KZ
Dachau was the first concentration camp established in Nazi Germany - the camp was opened on March 22,
1933. The camp's first inmates were primarily political prisoners,
Social Democrats, Communists, trade unionists,
habitual criminals, homosexuals, Jehovah's Witnesses, beggars, vagrants, hawkers.
In the late 1930's the Nazis killed thousands of handicapped Germans by lethal
injection and poisonous gas. After the German invasion of the Soviet Union in
June 1941, mobile killing units following in the wake of the German Army began
shooting massive numbers of Jews and Gypsies in open fields and ravines on the
outskirts of conquered cities and towns.
Eventually the Nazis created a more secluded and organized method of killing. Extermination centers were established in occupied Poland with
special apparatus especially designed for mass murder. Giant death machines.
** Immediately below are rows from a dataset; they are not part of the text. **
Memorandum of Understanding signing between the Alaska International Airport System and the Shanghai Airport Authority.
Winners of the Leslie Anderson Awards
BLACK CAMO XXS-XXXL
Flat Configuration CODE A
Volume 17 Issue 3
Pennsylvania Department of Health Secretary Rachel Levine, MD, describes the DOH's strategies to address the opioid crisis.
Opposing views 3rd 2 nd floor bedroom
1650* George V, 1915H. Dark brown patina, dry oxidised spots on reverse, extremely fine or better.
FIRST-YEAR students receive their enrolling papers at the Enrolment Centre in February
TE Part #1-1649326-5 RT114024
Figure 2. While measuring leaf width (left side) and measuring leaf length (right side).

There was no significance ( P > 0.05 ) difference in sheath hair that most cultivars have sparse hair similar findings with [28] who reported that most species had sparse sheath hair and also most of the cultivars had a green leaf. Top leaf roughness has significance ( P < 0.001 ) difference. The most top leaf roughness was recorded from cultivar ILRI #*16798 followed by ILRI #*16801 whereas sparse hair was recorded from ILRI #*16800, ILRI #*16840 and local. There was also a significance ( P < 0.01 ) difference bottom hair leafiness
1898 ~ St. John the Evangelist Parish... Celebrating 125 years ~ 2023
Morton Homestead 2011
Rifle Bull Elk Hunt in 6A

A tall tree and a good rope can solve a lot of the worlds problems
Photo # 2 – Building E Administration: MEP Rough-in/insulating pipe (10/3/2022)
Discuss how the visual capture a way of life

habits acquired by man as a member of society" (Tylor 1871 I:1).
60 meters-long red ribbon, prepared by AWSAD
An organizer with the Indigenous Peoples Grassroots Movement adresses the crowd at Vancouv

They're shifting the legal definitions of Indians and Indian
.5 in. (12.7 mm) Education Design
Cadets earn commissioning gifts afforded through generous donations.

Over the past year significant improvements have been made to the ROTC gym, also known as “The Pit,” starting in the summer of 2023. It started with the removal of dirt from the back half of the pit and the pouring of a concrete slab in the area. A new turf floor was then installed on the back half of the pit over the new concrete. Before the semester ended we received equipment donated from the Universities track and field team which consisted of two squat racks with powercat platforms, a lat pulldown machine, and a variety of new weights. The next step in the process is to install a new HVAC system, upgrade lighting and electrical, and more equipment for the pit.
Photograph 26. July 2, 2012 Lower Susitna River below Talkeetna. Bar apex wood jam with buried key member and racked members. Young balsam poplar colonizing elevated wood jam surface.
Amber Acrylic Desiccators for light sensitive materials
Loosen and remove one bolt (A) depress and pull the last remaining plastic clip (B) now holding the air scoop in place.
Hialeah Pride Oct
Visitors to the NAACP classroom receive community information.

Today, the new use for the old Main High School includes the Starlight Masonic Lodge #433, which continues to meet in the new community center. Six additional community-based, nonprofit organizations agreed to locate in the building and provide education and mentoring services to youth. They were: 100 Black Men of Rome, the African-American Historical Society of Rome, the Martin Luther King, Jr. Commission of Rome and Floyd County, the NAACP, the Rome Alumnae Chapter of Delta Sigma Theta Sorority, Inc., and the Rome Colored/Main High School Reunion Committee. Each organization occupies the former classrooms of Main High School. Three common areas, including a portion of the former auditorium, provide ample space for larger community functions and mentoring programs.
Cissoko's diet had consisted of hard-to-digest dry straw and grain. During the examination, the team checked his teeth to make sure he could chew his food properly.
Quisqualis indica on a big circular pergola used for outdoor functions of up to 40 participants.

Six such death camps existed: Auschwitz-Birkenau, Belzec, Chelmno,
Majdanek, Sobibor, and Treblinka. Large-scale
murder by gas and body disposal through cremation were conducted systematically.
Victims were deported to these centers from Western Europe and from the ghettos
in Eastern Europe which the Nazis had established. In addition, millions died in
the ghettos and concentration camps as a result of forced labor, starvation,
exposure, brutality, disease, and execution.